Edwin Buzz Aldrin, durante su misión lunar en 1969. La foto fue tomada por Neil Armstrong, comandante del Apolo 11.
Los seres terrestres se percataron de la existencia de la Luna por primera vez hace unos 300 millones de años. De noche, su luz era la única guía que tenían, hasta que aparecieron los humanos y descubrieron el fuego, y luego la pintura, la música y la poesía. A lo largo de los siglos, los griegos de la antigüedad, Shakespeare, Beethoven, Van Gogh, García Lorca y otros genios vieron una fuente de inspiración en la gran esfera blanca, siempre misteriosa e inalcanzable. Hasta que hace exactamente 40 años, por primera vez en la historia del universo, un ser humano pisó su superficie. Y lo vimos y lo oímos, los que tuvimos la suerte de estar vivos, en directo por televisión. Fue como si hubiéramos seguido en nuestras pantallas la llegada a América de Cristóbal Colón, sólo que esta aventura fue infinitamente más osada y peligrosa.
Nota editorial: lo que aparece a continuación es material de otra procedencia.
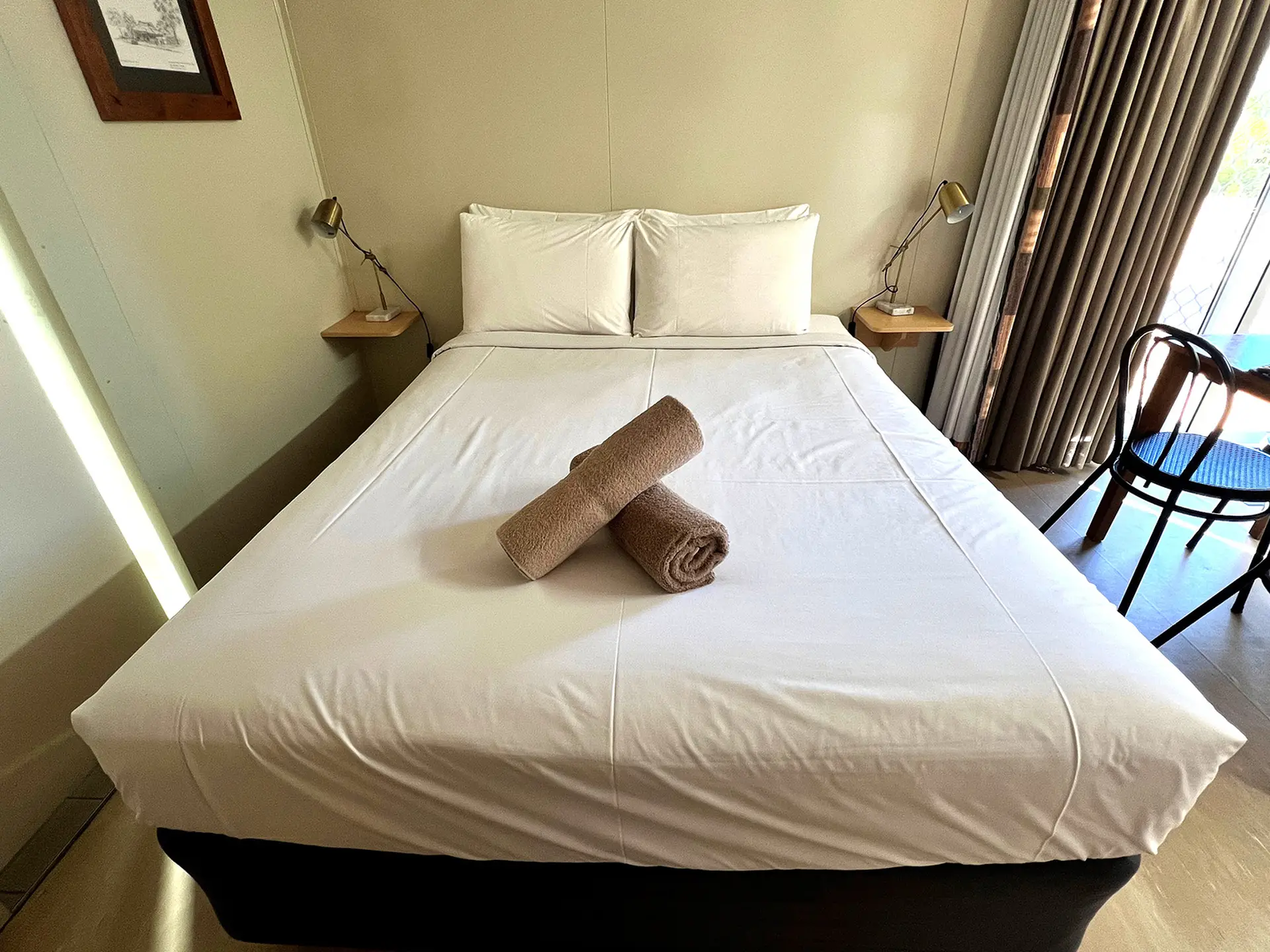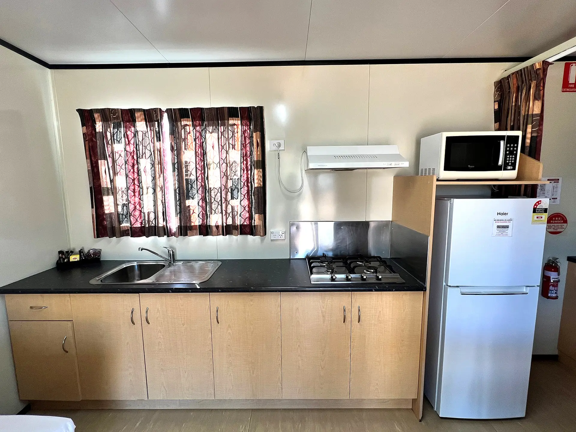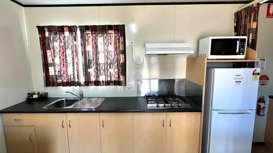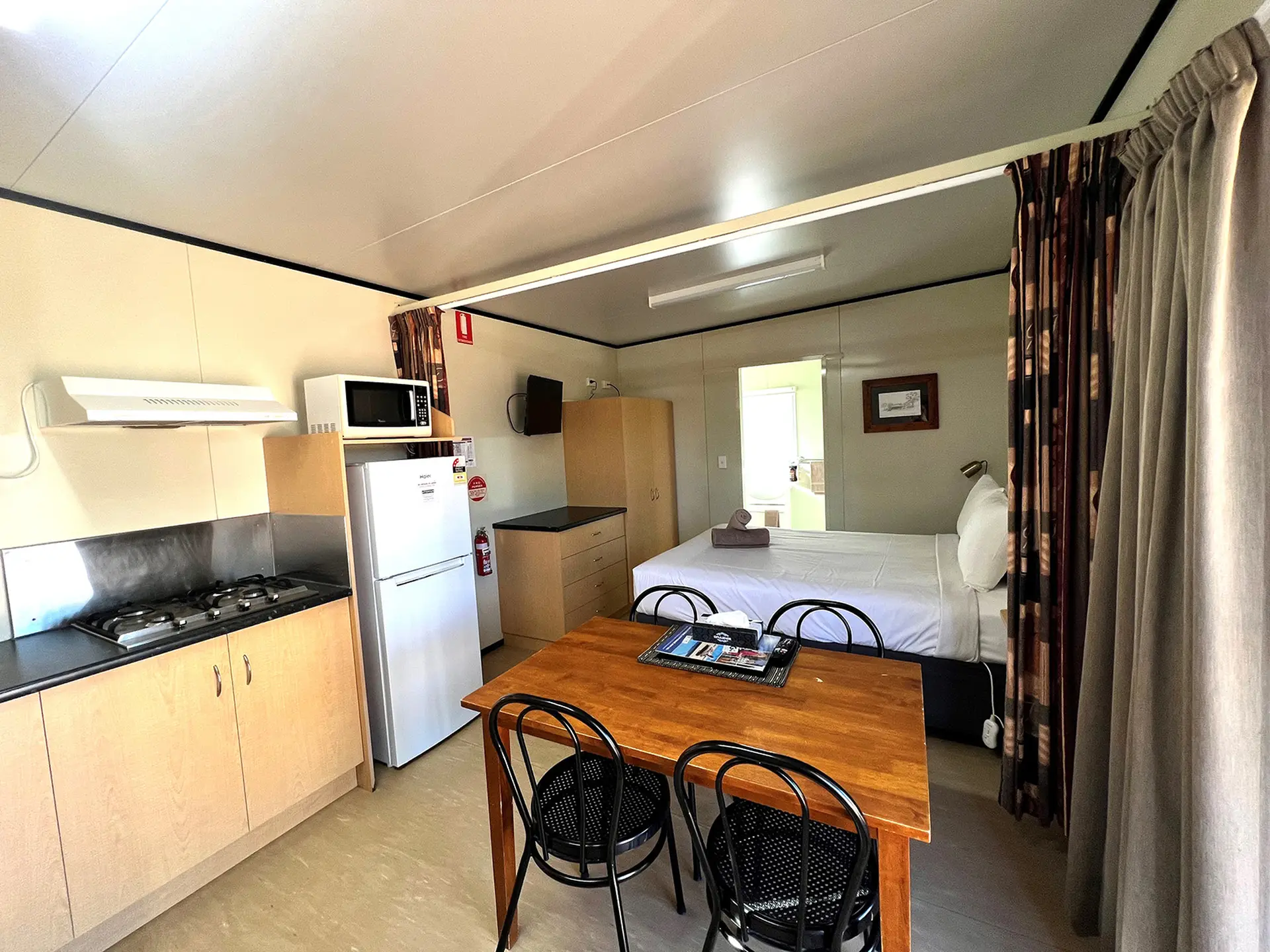 This studio offers a comfortable stay for singles or couples, featuring a queen bed and one single bed in an open-plan layout. It includes a kitchenette with cooktop, microwave, and fridge, plus air conditioning and a TV for convenience. Enjoy all the essentials for a relaxed and easy getaway.

Los tres conquistadores del Apolo 11 no viajaron al fin del mundo; viajaron a otro mundo. Lo dijo Andrew Smith, autor del libro definitivo sobre los astronautas del programa espacial Apolo: el espectáculo televisivo de aquellos días fue «el teatro más alucinante de todos los tiempos».
Fue la ciencia al servicio del arte. Los hombres fríos, matemáticos de la NASA -ninguno más frío que el comandante de la misión, Neil Armstrong-, crearon un reality show cuyo dramatismo jamás ha sido superado por la ficción.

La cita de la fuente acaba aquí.